If you look at the public capital markets such as NYSE or NASDAQ, the day-to-day prices are for non-controlling business ownership interests, usually a small number of shares. In other words, these per share prices represent the minority price.

If you want to acquire a controlling share of the company’s stock, you will have to pay a premium over the market price per share of stock. This is what usually happens in a tender offer.

Statistics on control premia paid are readily available by industry sector. Usually, these premia fall somewhere between 30% and 40% over the market share price. This means that the buyers have to pay about 35% over the per share price on average to get a majority stake in a public company.

The minority discount is the opposite of control premium. If you know the value of the entire business, then a minority interest is worth less than its pro rata share of the total.

Why is this so? Let’s say you are a private company co-owner who has, say, 10% of the total company stock. You don’t control the company operational or financial policy. You can’t set management salaries or benefits by yourself. The board can decide to distribute the money to other owners who work in the business as bonuses so you can can miss on dividend payouts.

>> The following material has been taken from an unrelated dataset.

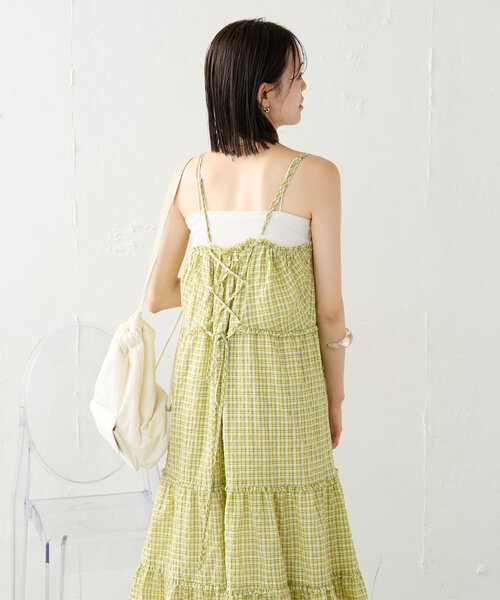 ふわっと広がるティアードデザインが女性らしいキャミワンピースが登場! 商品ポイント ・たっぷりのティアードがトレンドライクな印象に◎ ・デイリーにはもちろん、ちょっとしたお出掛けにも映えるアイテムです! ・裾は余裕を持たせたサイズ感ながら、落ち感もあるのでボリューム感を気にせず着ていただけます! ・華奢な肩紐が顔回りを明るい印象に◎ スタイリングポイント ・華やかなデザインなので、一枚で決まるアイテムです! ・キャミソールやタンクトップに重ねたヘルシーな着こなしもおすすめ◎ ・カジュアルなスタイリングが好きな方はTシャツ合わせでカジュアルガーリーなスタイリングも可愛いです! ・足元はサンダルで抜け感をプラスして◎ ----------------------------------------------------- 伸縮性:なし 光沢感:なし 生地の厚さ:うすめ ------------------------------------------------------ 商品のお気に入り登録➡ お気に入りアイテムの値下げ・再入荷・在庫1点などの通知を受け取ることができます。 ブランドのお気に入り登録➡ 新商品や再入荷、セール、クーポン配布などお得な情報を受け取ることができます。 ※サイト上のカラー名と、お届け商品に記載されているカラー名が異なる場合がございます。 ※商品の色味は、撮影場所や光のあたり具合などにより色味が違って見える場合が御座います 。 また、お客様のお使いのPCのモニター環境などにより色味が違って見える場合が御座います。予めご了承の上ご注文下さい。 ※ご注文いただいた予約商品のお届け時期の確認は、注文履歴ページより行えます。 ------------------------------------------------------

In other words, you have little say in the company.

So your position in the company with the minority ownership stake is not very strong. This affects how much your ownership interest is worth in relation to the overall business value.

Private companies are usually valued on a business enterprise basis. That makes sense if you consider the fact that private companies usually sell as a whole, not piecemeal.

Let’s say you gather some data on the business selling prices for companies similar to yours. You can develop valuation multiples from these prices and known financial performance factors for sold firms, such as revenue, EBIT or EBITDA, assets and owners equity.

Using the multiples you can calculate an estimate of the business value for your company. This gives you the total business enterprise value. Now to evaluate a minority interest in the business you would apply a discount. For example, if a pro rata share of the business is worth $1,000,000 based on the total business value of $10,000,000; then a 10% minority stake at 35% discount would be worth $650,000.